Brent crude oil edged toward $112 per barrel on Monday morning, trading at $111.47 at 7:24 GMT. The gains were attributed to new data from China showing that the second largest oil consumer's economy was on the road to recovery.
PMI data showed that China's manufacturing sector was picking up the pace, after activity levels rose in November for the first time in 13 months. This news buoyed Brent prices after concerns that large economies like China and the US would slow in 2013 and decrease consumption.
The PMI data confirmed analysts' predictions that the Chinese economy will recover and GDP growth will rebound in the fourth quarter. Later in December, more positive news is expected from China's trade data and industrial output.

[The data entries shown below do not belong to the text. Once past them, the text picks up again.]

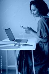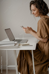 Woman in Boho Dress Holding Smartphone While Sitting, Calm and Minimal Workspace
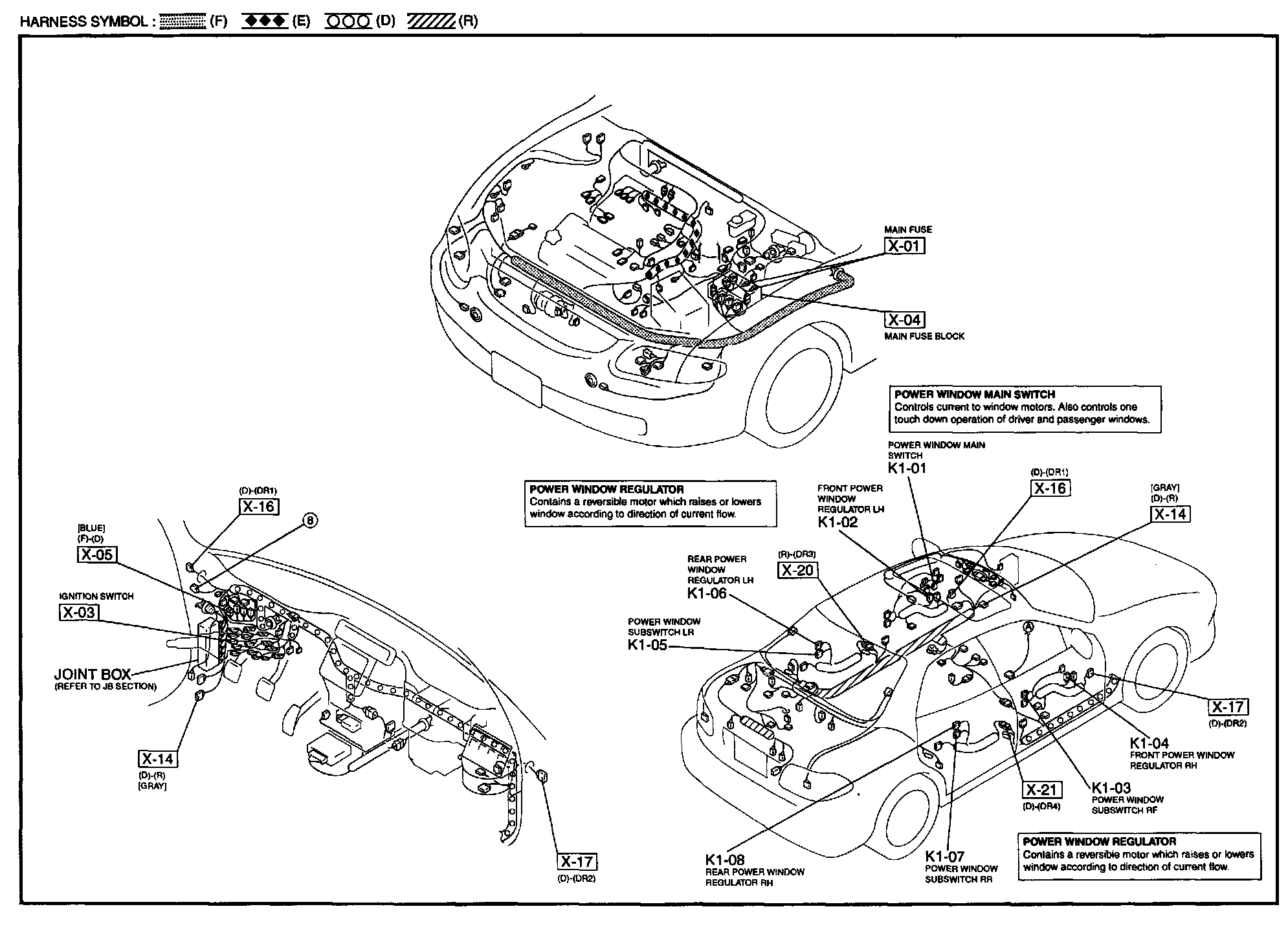 K-1 - Power Window System Harness / Connector Symbols:
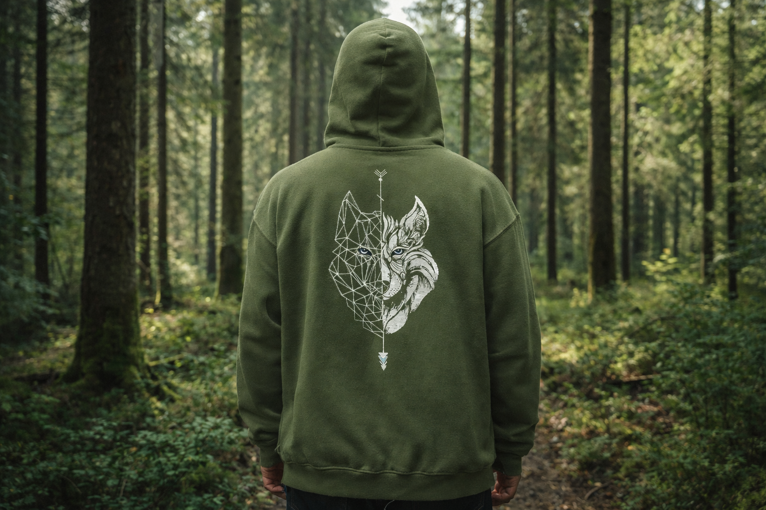 Sudadera Camperwilf® – Verde Militar con Lobo Blanco
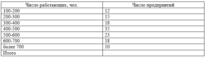 Имеются данные о распределении предприятий района по числу работающих. Определить число работающих, приходящихся в среднем на 1 предприятие.
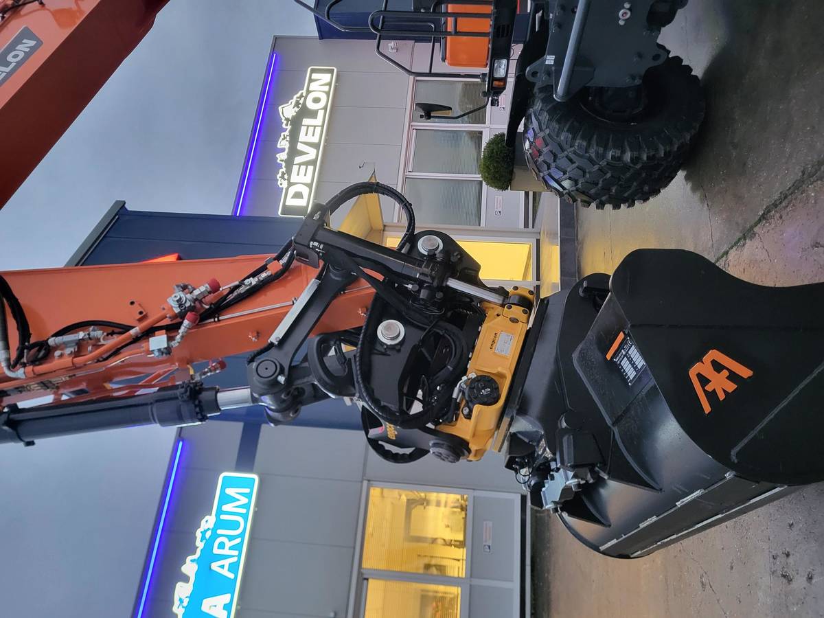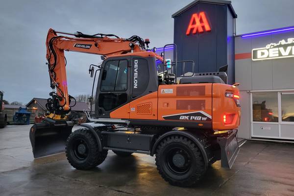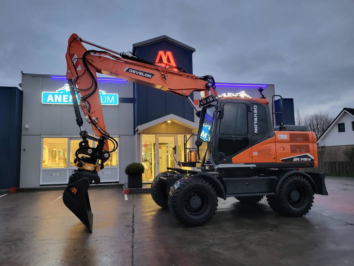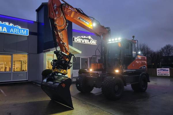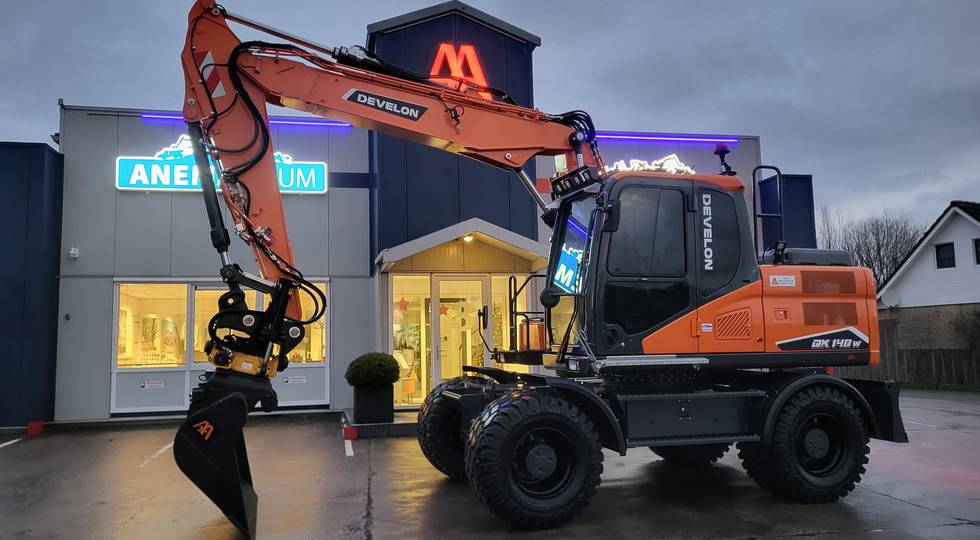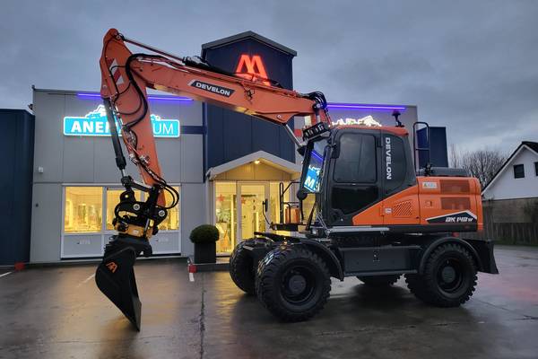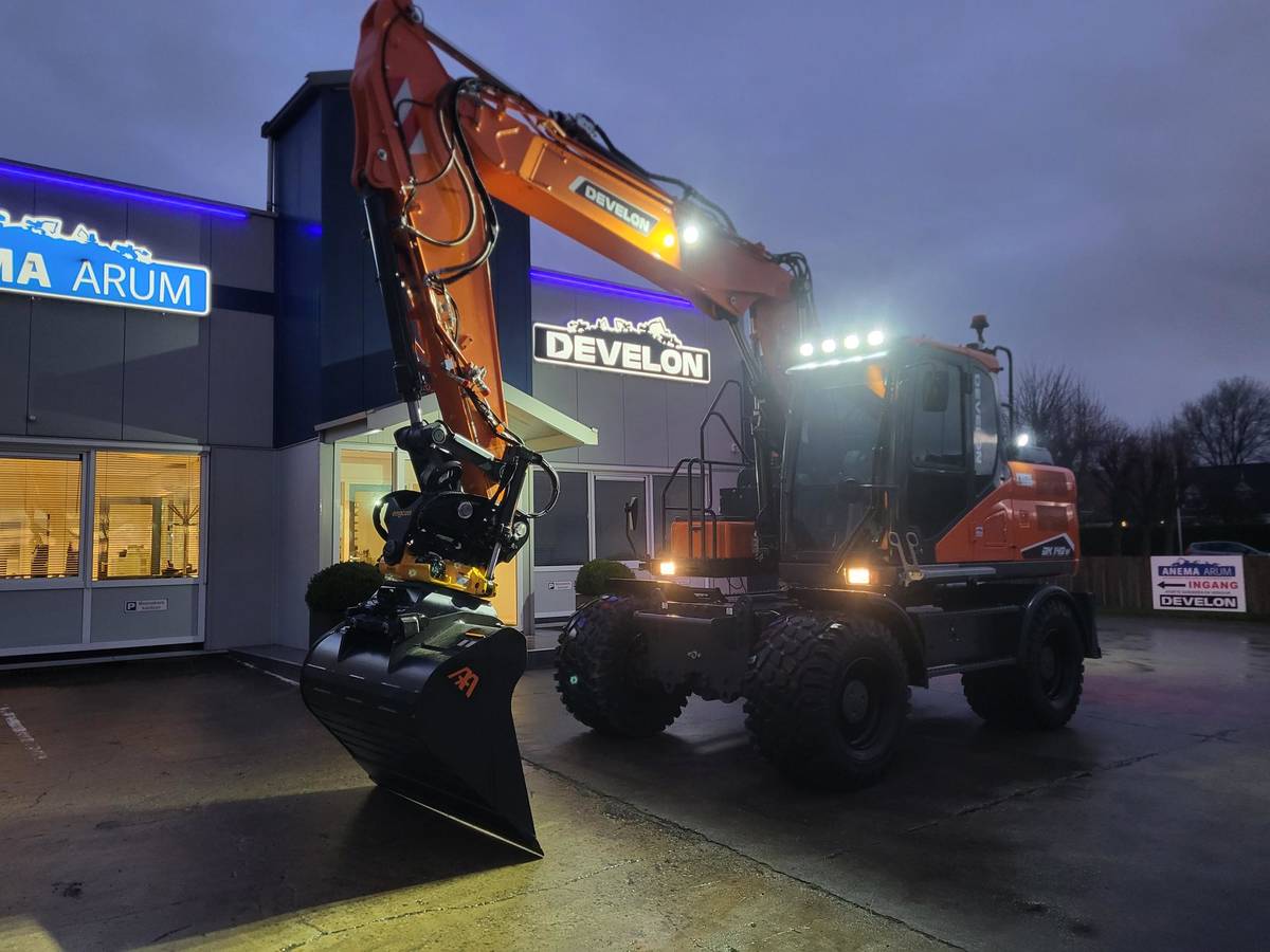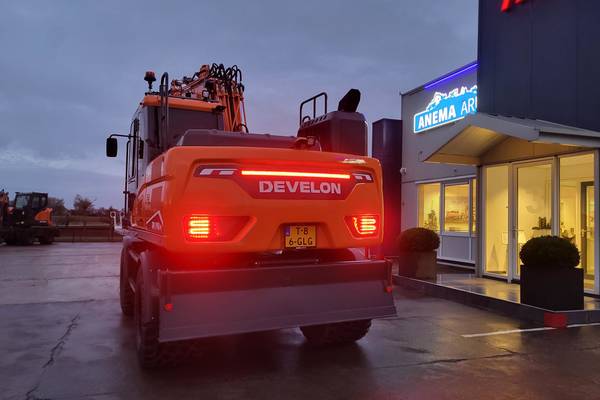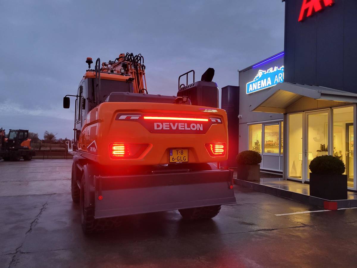 De standaard machine: Develon DL06 6-cilinder commonrail dieselmotor Tier V, motorinhoud 5890cm3, vermogen 137pk/102kW, pompopbrengst 2x 170ltr., Standaard uitvoering met hydr. verstelgiek, steel 250cm, slangbreukbeveiliging, hamer/ rotatiefunctie, proportionele bediening van extra functies, schuifblad, opbergkist op onderwagen, dieselvulpomp, extra LED-werklampen, luxe stoel luchtgeveerd met verwarming koeling , zij- en achtercamera, DAB+ radio met Bluetooth en handsfree bellen, zwaailamp, climate control, Fleet Management.

The US still weighs heavy on Brent prices as it moves closer to its January 1st fiscal cliff. Democrats and Republicans within the US government have yet to agree on an acceptable alternative to managing the country's deficit, which has caused uncertainty over whether the number one oil consumer will find a solution and avoid the 600 billion dollar bundle of tax increases and spending cuts.
Tension in the Middle East continued to support Brent prices as ongoing violence in Syria and Egypt and tension between Israel and Palestinians stoked fears that the instability in the region will eventually result in supply interruptions.
According to Reuters, the US Senate slapped more sanctions on Iran's energy and shipping sectors in an effort to cut funding to their nuclear development program. Iran has continued with uranium enrichment work against the wishes of the West, claiming the program is intended as a source of energy.
Already, the country faces heavy sanctions on its oil exports, but so far has not been deterred from advancing the program.